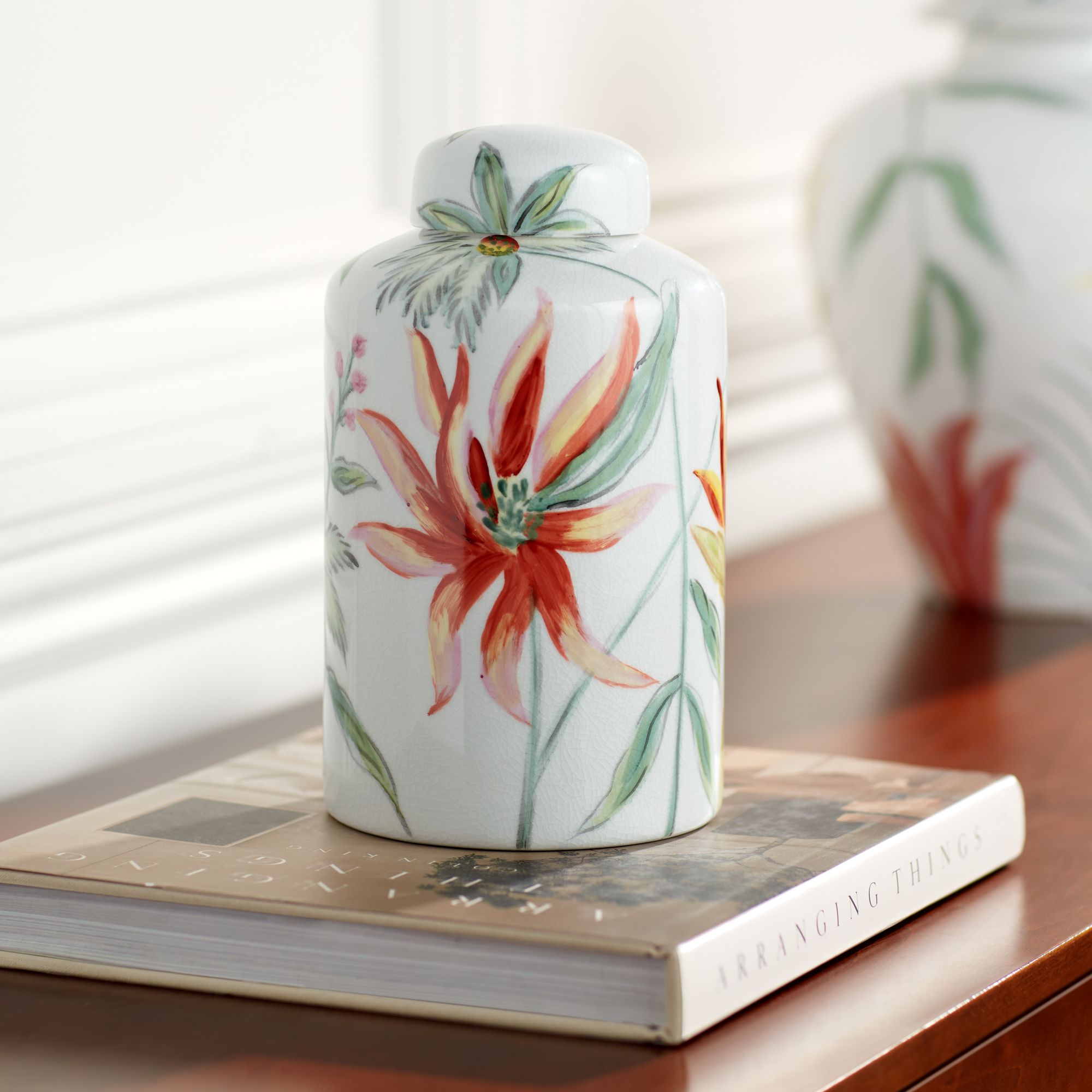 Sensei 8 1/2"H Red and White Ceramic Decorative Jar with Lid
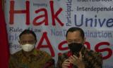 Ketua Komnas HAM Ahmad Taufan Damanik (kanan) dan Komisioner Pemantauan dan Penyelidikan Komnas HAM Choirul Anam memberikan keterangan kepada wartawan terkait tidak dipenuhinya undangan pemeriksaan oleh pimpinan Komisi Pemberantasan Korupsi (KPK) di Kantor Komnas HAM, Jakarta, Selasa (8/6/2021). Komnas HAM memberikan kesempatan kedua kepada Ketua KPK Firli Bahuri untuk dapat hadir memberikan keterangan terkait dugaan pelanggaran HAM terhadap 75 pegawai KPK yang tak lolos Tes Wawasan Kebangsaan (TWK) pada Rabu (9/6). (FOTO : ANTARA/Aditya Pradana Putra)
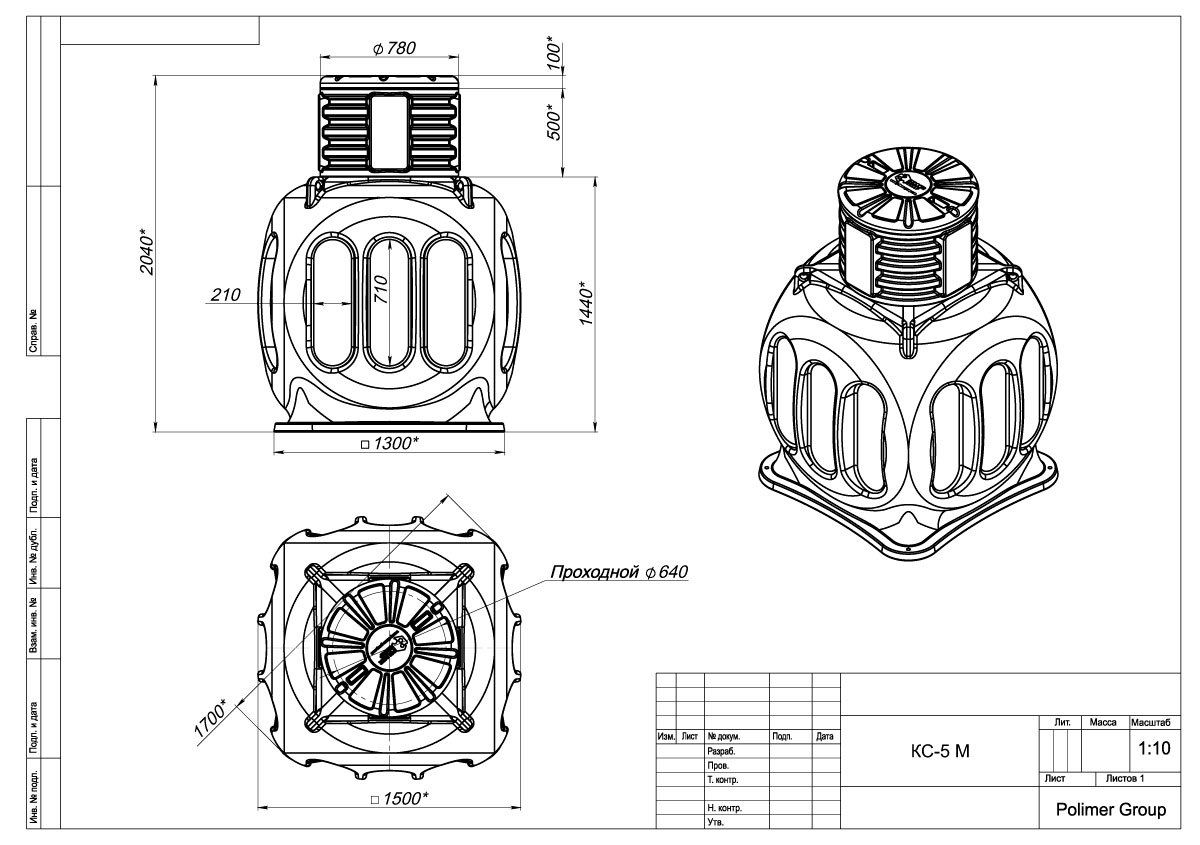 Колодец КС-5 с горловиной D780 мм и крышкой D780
#####
Write the lines from the one containing "Ketua Komnas HAM" through the end of the data above exactly as they appear, and do not carry over any picture.

• **Finished task**
 Ketua Komnas HAM Ahmad Taufan Damanik (kanan) dan Komisioner Pemantauan dan Penyelidikan Komnas HAM Choirul Anam memberikan keterangan kepada wartawan terkait tidak dipenuhinya undangan pemeriksaan oleh pimpinan Komisi Pemberantasan Korupsi (KPK) di Kantor Komnas HAM, Jakarta, Selasa (8/6/2021). Komnas HAM memberikan kesempatan kedua kepada Ketua KPK Firli Bahuri untuk dapat hadir memberikan keterangan terkait dugaan pelanggaran HAM terhadap 75 pegawai KPK yang tak lolos Tes Wawasan Kebangsaan (TWK) pada Rabu (9/6). (FOTO : ANTARA/Aditya Pradana Putra)
 Колодец КС-5 с горловиной D780 мм и крышкой D780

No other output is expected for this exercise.